● Data

*** Begin section ***

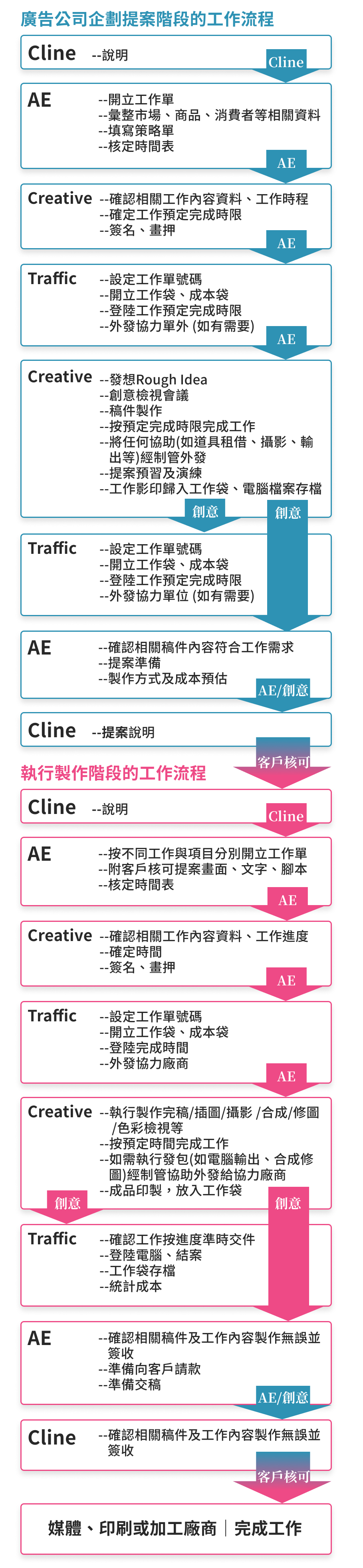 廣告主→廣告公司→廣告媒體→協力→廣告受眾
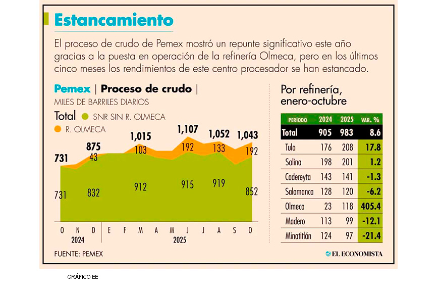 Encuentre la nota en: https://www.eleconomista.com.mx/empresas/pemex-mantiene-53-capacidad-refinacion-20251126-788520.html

*** End section ***
*** Begin section ***

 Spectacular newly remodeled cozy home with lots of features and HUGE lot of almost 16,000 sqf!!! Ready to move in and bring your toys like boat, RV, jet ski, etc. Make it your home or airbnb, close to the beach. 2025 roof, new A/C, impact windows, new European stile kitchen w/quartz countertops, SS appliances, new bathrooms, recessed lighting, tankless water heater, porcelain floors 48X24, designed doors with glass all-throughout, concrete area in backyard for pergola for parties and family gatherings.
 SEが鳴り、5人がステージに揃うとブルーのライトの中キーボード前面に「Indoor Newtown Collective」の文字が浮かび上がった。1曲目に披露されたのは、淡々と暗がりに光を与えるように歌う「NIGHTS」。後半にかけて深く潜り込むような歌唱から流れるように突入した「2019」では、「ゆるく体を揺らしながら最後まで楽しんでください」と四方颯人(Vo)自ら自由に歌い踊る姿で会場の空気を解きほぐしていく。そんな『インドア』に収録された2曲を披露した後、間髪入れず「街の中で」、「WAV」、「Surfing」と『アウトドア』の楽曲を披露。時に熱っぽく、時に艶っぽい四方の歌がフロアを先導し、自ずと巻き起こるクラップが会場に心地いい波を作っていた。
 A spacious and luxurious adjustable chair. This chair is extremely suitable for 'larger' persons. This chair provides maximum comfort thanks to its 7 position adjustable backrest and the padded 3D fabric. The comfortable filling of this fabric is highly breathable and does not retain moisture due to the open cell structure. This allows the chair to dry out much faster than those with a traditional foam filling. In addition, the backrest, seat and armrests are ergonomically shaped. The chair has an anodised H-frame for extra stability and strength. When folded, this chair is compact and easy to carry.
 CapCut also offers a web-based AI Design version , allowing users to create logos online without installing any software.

*** End section ***

● What is needed
Your answer should be the lines above, word for word, from the line with "廣告主→廣告公司→廣告媒體→協力→廣告受眾" through the line with "Encuentre la nota", minus the pictures.

● Result of this task
 廣告主→廣告公司→廣告媒體→協力→廣告受眾
 Encuentre la nota en: https://www.eleconomista.com.mx/empresas/pemex-mantiene-53-capacidad-refinacion-20251126-788520.html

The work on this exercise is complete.